Mr Gwyn – Alessandro Baricco
Pour l’on ne sait quelle raison obscure, Jasper Gwyn, un auteur couronné de succès, décide un beau jour de cesser d’écrire. Se posent alors mille questions… Que s’est-il passé dans sa tête pour en arriver là ? Lassitude des mots, du monde littéraire, ingrat et peu amène parfois, découragement, nul ne le saura jamais. Mais à peine a-t-il pris cette lourde décision que le manque le gagne déjà… Ainsi il créera un nouvel univers lui permettant d’exercer sa passion. Il esquissera des portraits sous la forme de mots. L’auteur s’échappe de son chemin d’écriture, laissant à son assistante le soin de reprendre le flambeau et les rênes du récit…

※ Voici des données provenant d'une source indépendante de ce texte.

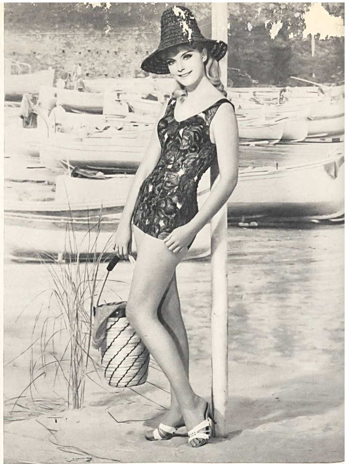
«ROBORO», J. F. ROHRER-BOLLIGER S.A., ROMANSHORN Maillot de bain en coton imprimé, épaulettes larges, profondément échancré dans le dos. — Printed cotton swimsuit, wide straps, deeply plunging back. — Bañador de algodón estampado, con hombreras anchas, muy escotado en la espalda. — Badeanzug aus bedrucktem Baumwollstoff, breite Träger, tiefer Rücken.

Ainsi, Mr Gwyn, habité par d’étranges tourments en tous genres et soucieux de l’exactitude des situations, de la justesse des gestes, de la perfection des mots, se complait dans ce nouvel univers de scribe, esquissant à merveille le portrait des autres en se révélant quelque part à travers eux.
Personnage charmant, à l’esprit soudain fébrile, Mr Gwyn nous happe dans sa sphère du début à la fin. Un peu désarçonné par cette nouvelle vie désormais anonyme, il sillonne vaille que vaille les lieux du quotidien, tels les laveries, à la recherche d’inspiration non pour coucher sur papier les portraits de ceux qu’il y croise mais pour en dessiner les âmes, les atmosphères, les mystères qui en émanent.

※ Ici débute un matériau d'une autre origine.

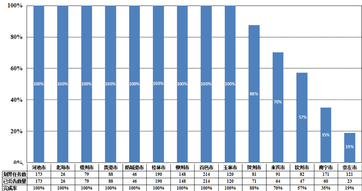
全区2020年50~1000平方公里河流划界公告情况

条，大新县 22 条；南宁市 56 条，分别是邕宁区 3 条，良庆区 2 条，江南区 5 条，兴宁区 5 条，马山县 14 条，横县 27 条，钦州市的钦南区 2 条，来宾市的兴宾区 11 条，贺州市的富川县 3 条。这些河流所在市县再不切实采取强力措施奋力追赶，将难以按要求在 11 月底前全面完成目标任务，影响广西河湖长制工作创先争优。各地工作进展情况如下图及后表所示。
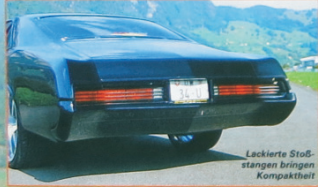
Lackierte Stoßstangen bringen Kompaktheit

Autour de lui se croisent des personnes tout aussi attachantes, telle Rebecca, son assistante, un agent littéraire infirme, une vieille dame, un fabricant d’ampoules électriques. De ce petit monde émane délicatesse et poésie. Tout est donc propice à l’auteur pour mettre en exergue les éclats intérieurs de chacun.

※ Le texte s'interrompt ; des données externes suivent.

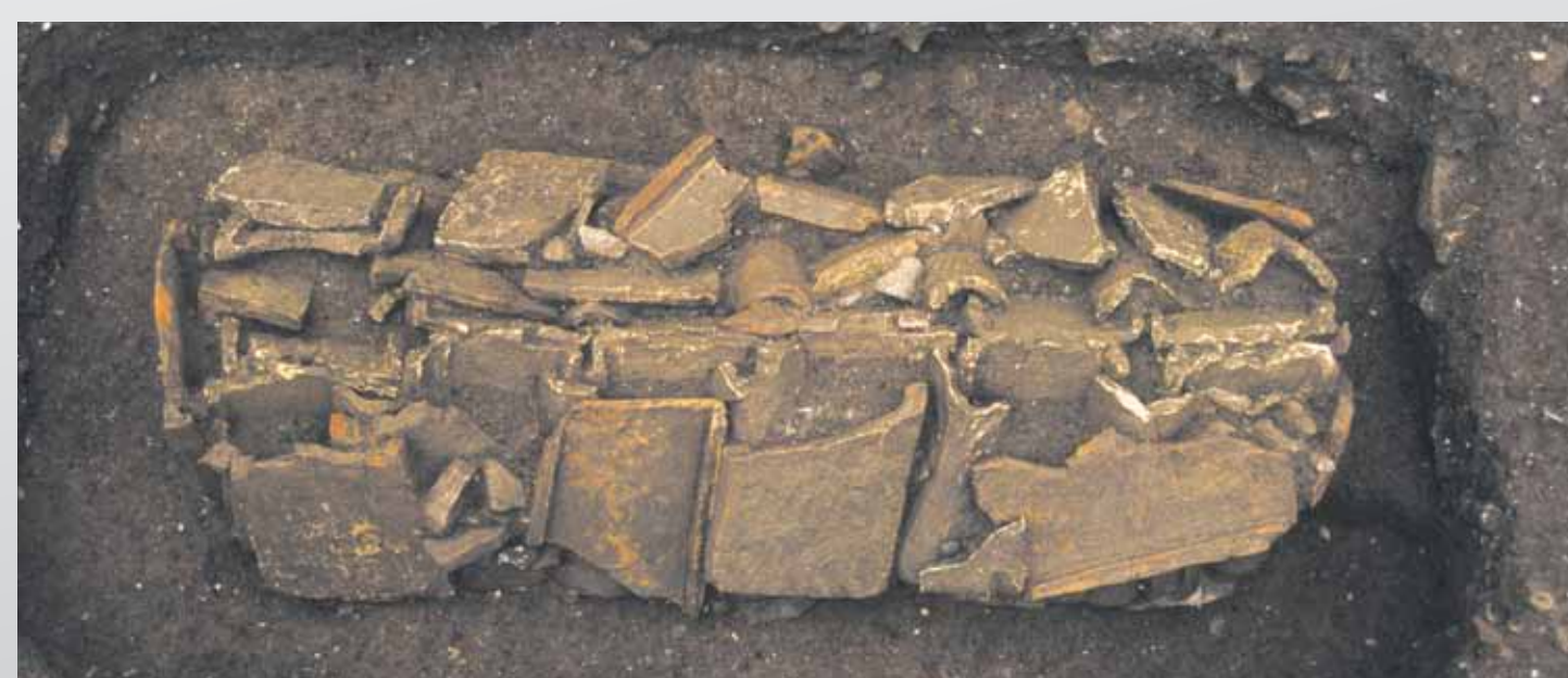
Vue de la couverture d'une tombe de l'Antiquité tardive aménagée à l'aide de tuiles disposées en bâtière

Et l’auteur-héros met sa plume en congé au profit de ressentis intérieurs, rejoint une thébaïde provisoire ou définitive, pour être le spectateur secret en première loge de l’âme de ses fidèles…
Un récit insolite, tantôt lumineux tantôt imperceptible qui invite à moult réflexions quant au sens de la création. L’écriture est ronde, harmonieuse, tout en subtilité et le style est sobre, jouxtant délicieusement la poésie.